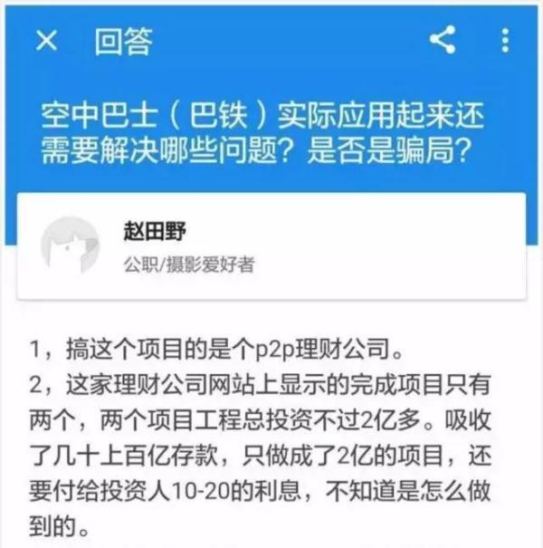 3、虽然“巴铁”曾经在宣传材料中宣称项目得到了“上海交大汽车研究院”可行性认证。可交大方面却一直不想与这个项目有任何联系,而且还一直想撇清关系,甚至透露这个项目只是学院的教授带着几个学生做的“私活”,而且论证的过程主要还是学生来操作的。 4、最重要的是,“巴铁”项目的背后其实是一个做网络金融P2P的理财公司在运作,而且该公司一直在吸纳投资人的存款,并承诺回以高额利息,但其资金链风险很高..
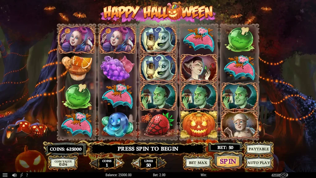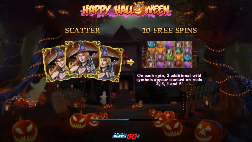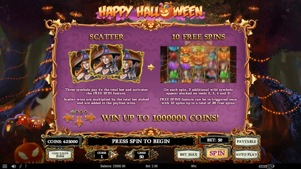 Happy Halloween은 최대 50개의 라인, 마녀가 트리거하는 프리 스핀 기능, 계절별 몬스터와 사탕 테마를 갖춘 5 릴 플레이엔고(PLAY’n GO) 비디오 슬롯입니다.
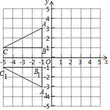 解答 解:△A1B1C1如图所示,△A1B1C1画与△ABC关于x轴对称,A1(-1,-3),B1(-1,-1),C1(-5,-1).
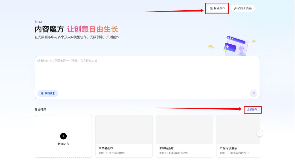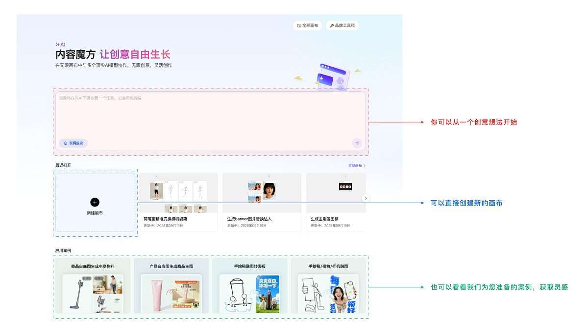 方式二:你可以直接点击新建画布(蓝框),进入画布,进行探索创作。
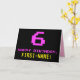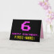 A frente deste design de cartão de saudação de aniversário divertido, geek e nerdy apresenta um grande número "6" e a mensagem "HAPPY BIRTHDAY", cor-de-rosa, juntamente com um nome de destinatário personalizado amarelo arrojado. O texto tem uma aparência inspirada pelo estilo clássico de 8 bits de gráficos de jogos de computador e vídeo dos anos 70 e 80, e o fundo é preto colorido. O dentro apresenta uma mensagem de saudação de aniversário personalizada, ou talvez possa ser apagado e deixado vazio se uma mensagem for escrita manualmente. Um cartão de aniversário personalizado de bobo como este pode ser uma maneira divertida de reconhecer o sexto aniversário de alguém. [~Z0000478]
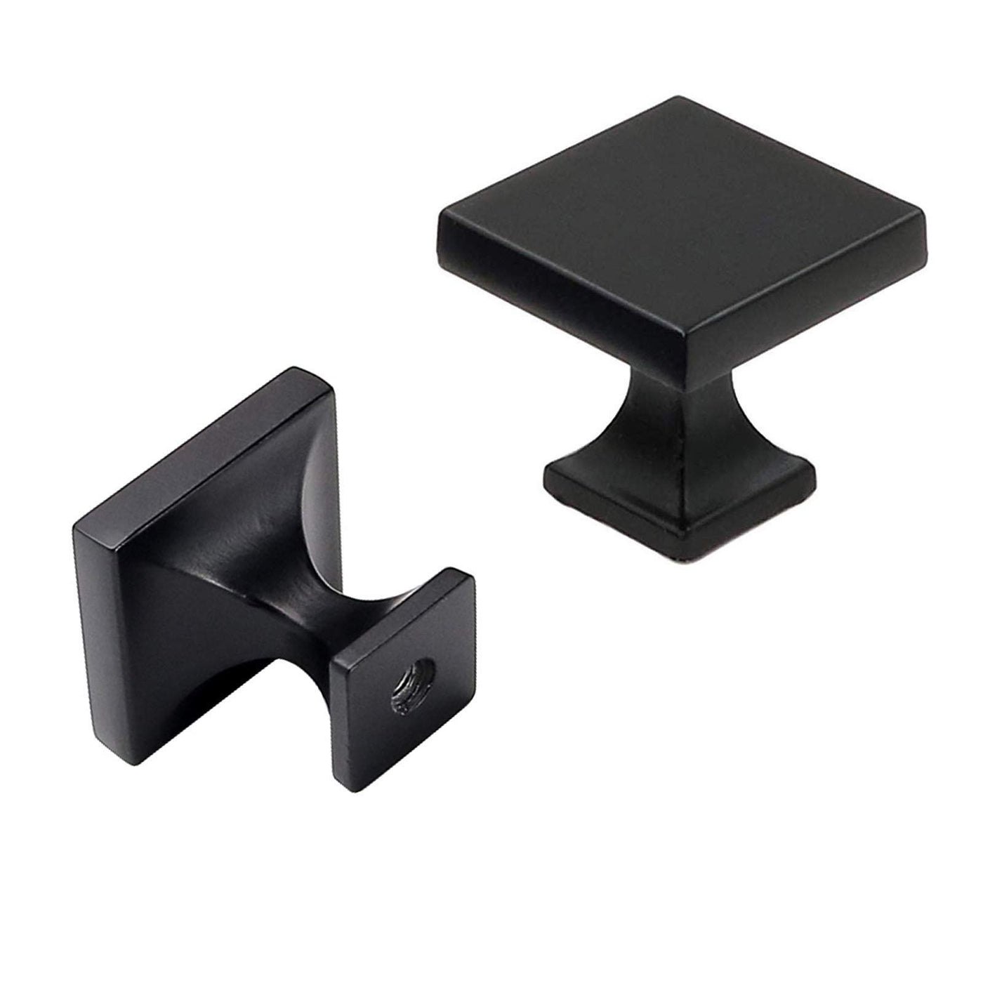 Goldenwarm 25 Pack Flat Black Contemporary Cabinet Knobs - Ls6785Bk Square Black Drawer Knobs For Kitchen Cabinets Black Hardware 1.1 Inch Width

****************************************

Nothing but an exact copy belongs in the answer: the lines from the top of the records through the line containing "方式二:你可以直接点击新建画布(蓝框),进入画布,进行探索创作。", minus the pictures.

 3、虽然“巴铁”曾经在宣传材料中宣称项目得到了“上海交大汽车研究院”可行性认证。可交大方面却一直不想与这个项目有任何联系,而且还一直想撇清关系,甚至透露这个项目只是学院的教授带着几个学生做的“私活”,而且论证的过程主要还是学生来操作的。 4、最重要的是,“巴铁”项目的背后其实是一个做网络金融P2P的理财公司在运作,而且该公司一直在吸纳投资人的存款,并承诺回以高额利息,但其资金链风险很高..
 Happy Halloween은 최대 50개의 라인, 마녀가 트리거하는 프리 스핀 기능, 계절별 몬스터와 사탕 테마를 갖춘 5 릴 플레이엔고(PLAY’n GO) 비디오 슬롯입니다.
 解答 解:△A1B1C1如图所示,△A1B1C1画与△ABC关于x轴对称,A1(-1,-3),B1(-1,-1),C1(-5,-1).
 方式二:你可以直接点击新建画布(蓝框),进入画布,进行探索创作。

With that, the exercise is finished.